Leaves tufted at the ends of the branches, stout, rigid, dark blue-green, marked by numerous bands of stomata on the 3 faces, 6′—12′ long, deciduous during their third and fourth seasons. Flowers: male yellow; female dark reddish brown. Fruit oblong-conic, short-stalked and pendant, 10′—14′ long, becoming light yellow-brown, with thick broad scales terminating in a broad, flat, incurved, hooked claw ½′—1½′ long, gradually opening in the autumn and often persistent on the branches for several years; seeds ellipsoidal, compressed, ½′ long, ¼′—⅓′ wide, dark chestnut-brown, with a thick shell, inclosed by their wings, broadest above the middle, oblique at apex, nearly 1′ longer than the seed, about ⅝′ wide.
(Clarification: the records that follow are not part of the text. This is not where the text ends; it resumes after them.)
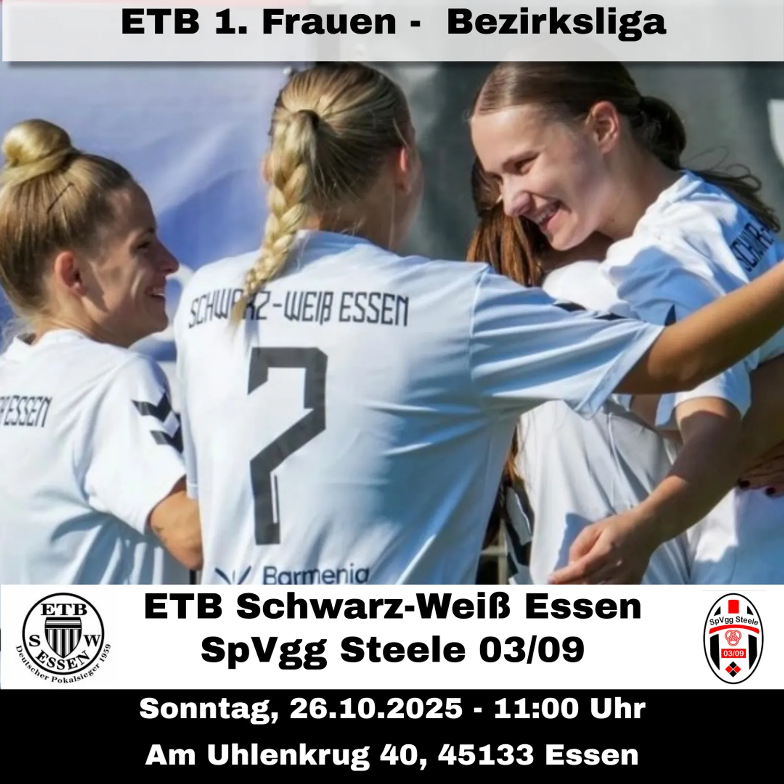 Am kommenden Sonntag um 11 Uhr empfangen die ETB Frauen die Landesligaabsteigerinnen Steele 03/09. Zunächst starteten zwei Mannschaften aus Steele in unterschiedlichen Bezirksligen, am Ende wurde die ehemals zweite Mannschaft zurückgezogen, so dass es nur noch eine Frauenmannschaft gibt, die zuletzt drei Jahre in der Landesliga und davor drei Jahre in der Niederrheinliga gespielt haben.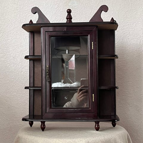 Retro sjenk/vitrineskap i malt tre selges. Skapet er solid og funksjonelt, men trenger litt oppfriskning for å bli helt fint igjen.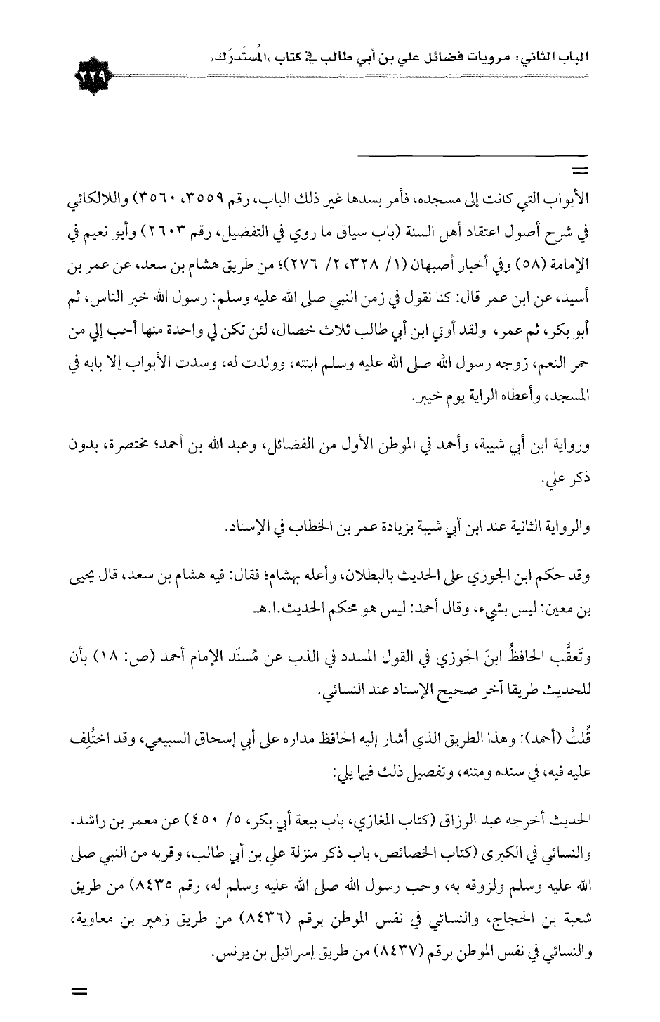 = الأبواب التي كانت إلى مسجده، فأمر بسدها غير ذلك الباب، رقم ٣٥٥٩، ٣٥٦٠) واللالكائي في شرح أصول اعتقاد أهل السنة (باب سياق ما روي في التفضيل، رقم ٢٦٠٣) وأبو نعيم في الإمامة والرد على الرافضة (٥٨) وفي أخبار أصبهان (١/ ٣٢٨، ٢/ ٢٧٦)؛ من طريق هشام بن سعد، عن عمر بن أسيد، عن ابن عمر قال: كنا نقول في زمن النبي صلى الله عليه وسلم: رسول الله خير الناس، ثم أبو بكر، ثم عمر، ولقد أوتي ابن أبي طالب ثلاث خصال، لئن تكن لي واحدة منها أحب إلي من حمر النعم، زوجه رسول الله صلى الله عليه وسلم ابنته، وولدت له، وسدت الأبواب إلا بابه في المسجد، وأعطاه الراية يوم خيبر.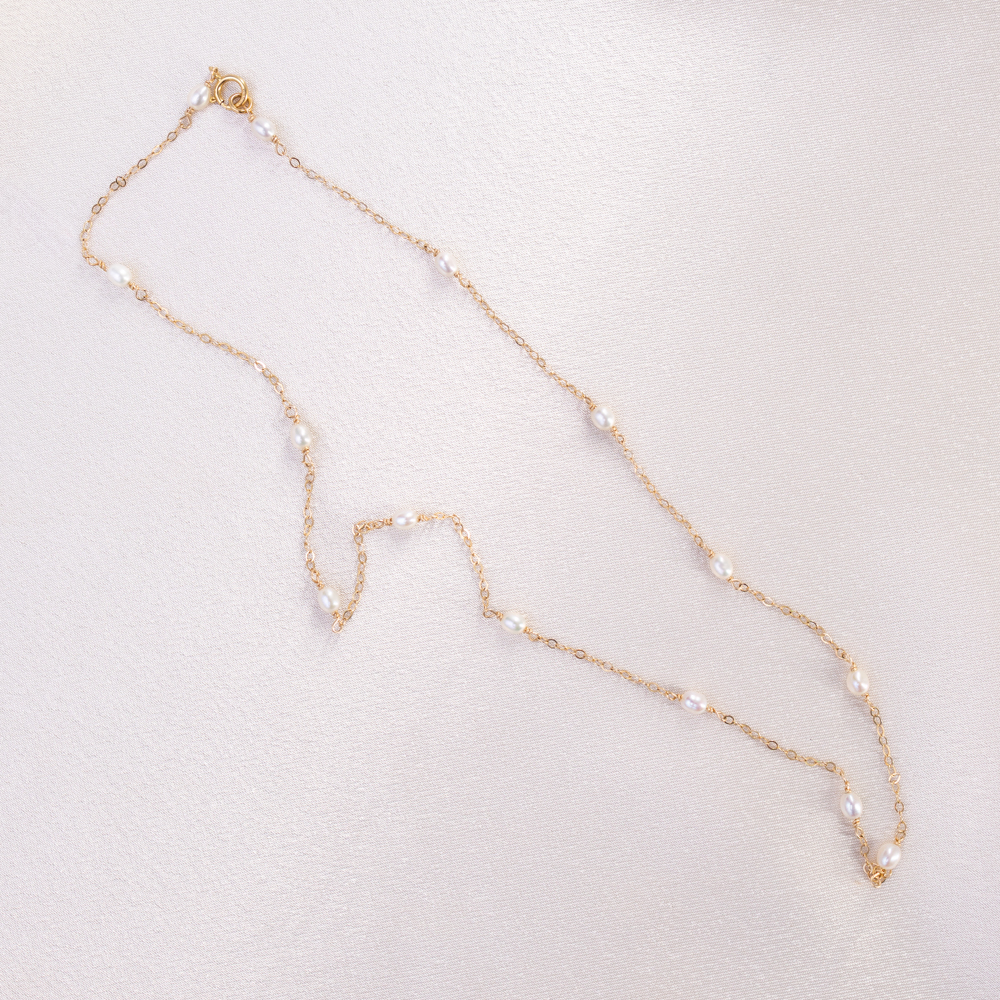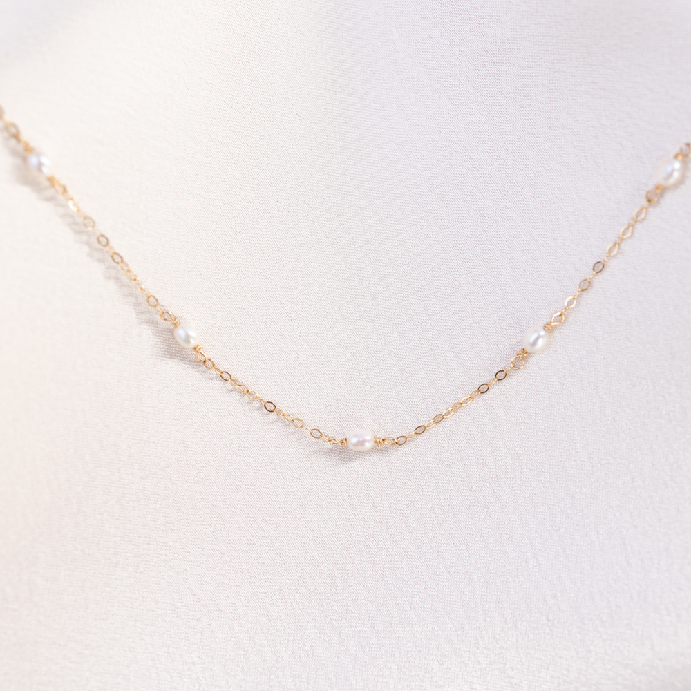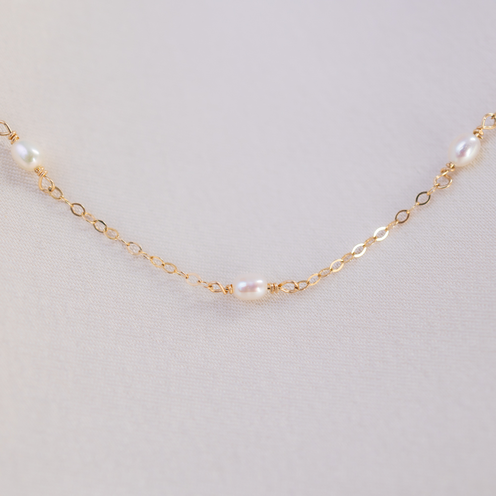 Designed to be your new signature accessory, this necklace transitions seamlessly from a “beautiful everyday” staple to a sophisticated statement for evening wear. The delicate 14k gold filled chain provides a high-shine, durable foundation that highlights the creamy luster of the pearls. Whether layered with minimalist gold chains or worn solo against a silk slip dress, its waterproof and tarnish-free construction ensures it remains a radiant part of your collection for years to come.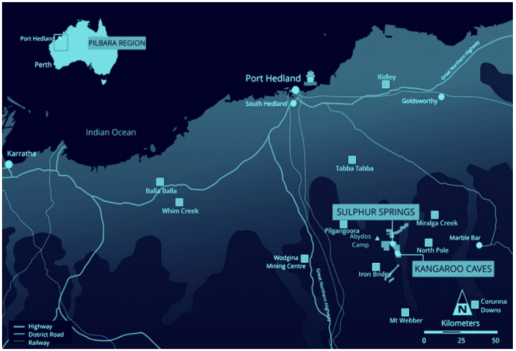 As shown in the figure below, the Sulphur Springs project is located 144 km to the southeast of Port Hedland and includes the Sulphur Springs and Kangaroo Caves deposits together with other tenements. The targets have returned intersections of commercial-grade copper and zinc in previous feasibility studies in 2023.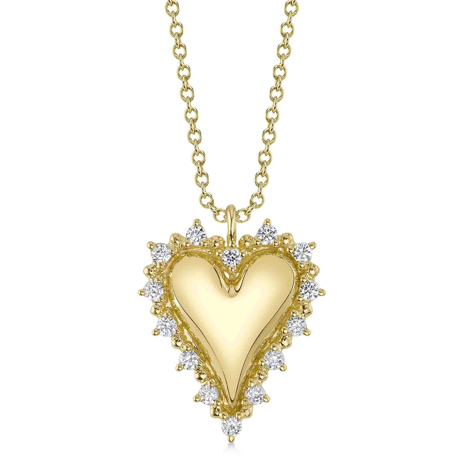 Diamond Puffed Heart Pendant Necklace 14K Yellow Gold (0.18ct)
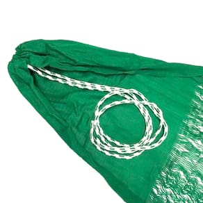 Principais Características: - Malha fechada - 3,40 x 0,70m - Malha aberta - 3,40 x 2,70m - Suporta aprox.: 150kg - Acompanha mochila (não tecido) - Cor: Disponível na cor Azul e Verde - Possui cordas para amarração -Fabricante: Mazzaferro -Modelo: Araty Relax Petit -Material: Tecido sintético 100% polipropileno, malha 18 sem nós, o que a torna extremamente confortável -Peso Suportado: 200 kg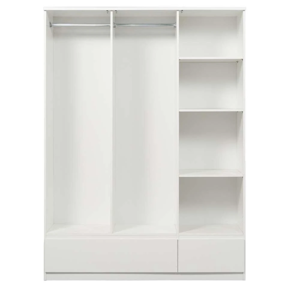 Kledingkast Naia heeft een afmeting van 200,6×147,4×50 cm en heeft ontzettend veel opbergcapaciteit. De kast heeft een moderne uitstraling en past in een stijlvol interieur. De kast is hoogglans wit van kleur, heeft 3 deuren en 2 lades.

A tree, 40°—90° high, with a trunk 1°—2½° in diameter, thick branches covered with dark scaly bark, long and mostly pendulous below, short and ascending above, and forming a loose unsymmetrical often picturesque head, and very stout branchlets dark orange-brown at first, becoming sometimes nearly black at the end of three or four years. Bark of the trunk 1½′—2′ thick, dark brown or nearly black and deeply divided into broad rounded connected ridges covered with thin closely appressed scales. Wood light, soft, not strong, brittle, coarse-grained, light red, with thick nearly white sapwood; occasionally used for fuel. The seeds were formerly gathered in large quantities and eaten by the Indians of southern California.
Distribution. Scattered singly or in small groves through coniferous forests on the dry slopes and ridges of the coast ranges of California at elevations of 3000°—6000° above the sea, from Mount Diablo and the Santa Lucia Mountains to the San Bernardino and Cuyamaca Mountains; and on the Sierra del Pinal, Lower California; most abundant on the San Bernardino and San Jacinto ranges at elevations of about 5000°.
19. [Pinus resinosa] Ait. Red Pine. Norway Pine.
Leaves slender, soft and flexible, dark green and lustrous, 5′—6′ long, obscurely marked on the ventral faces by bands of minute stomata, deciduous during their fourth and fifth seasons. Flowers: male in dense spikes, dark purple; female terminal, short-stalked, scarlet. Fruit ovoid-conic, subsessile, 2′—2¼′ long, with thin slightly concave scales, unarmed, becoming light chestnut-brown and lustrous at maturity; shedding their seeds early in the autumn and mostly persistent on the branches until the following summer; seeds oval, compressed, ⅛′ long, with a thin dark chestnut-brown more or less mottled shell and wings broadest below the middle, oblique at apex, ¾′ long, ¼′—⅓′ broad.
A tree, usually 70°—80° or occasionally 120° high, with a tall straight trunk 2°—3° or rarely 5° in diameter, thick spreading more or less pendulous branches clothing the young stems to the ground and forming a broad irregular pyramid, and in old age an open round-topped picturesque head, and stout branchlets at first orange color, finally becoming light reddish brown. Bark of the trunk ¾′—1¼′ thick and slightly divided by shallow fissures into broad flat ridges covered by thin loose light red-brown scales. Wood light, hard, very close-grained, pale red, with thin yellow often nearly white sapwood; largely used in the construction of bridges and buildings, for piles, masts, and spars. The bark is occasionally used for tanning leather.
Distribution. Light sandy loam or dry rocky ridges, usually forming groves rarely more than a few hundred acres in extent and scattered through forests of other Pines and deciduous-leaved trees; occasionally on sandy flats forming pure forests; Nova Scotia to Lake St. John, westward through Quebec and central Ontario to the valley of the Winnipeg River, and southward to eastern Massachusetts, the mountains of northern Pennsylvania, and to central and southwestern (Port Huron) Michigan, Wisconsin, and Minnesota, most abundant, and growing to its largest size in the northern parts of these states; rare and local in eastern Massachusetts and southward.
Often planted for the decoration of parks, and the most desirable as an ornamental tree of the Pitch Pines which flourish in the northern states.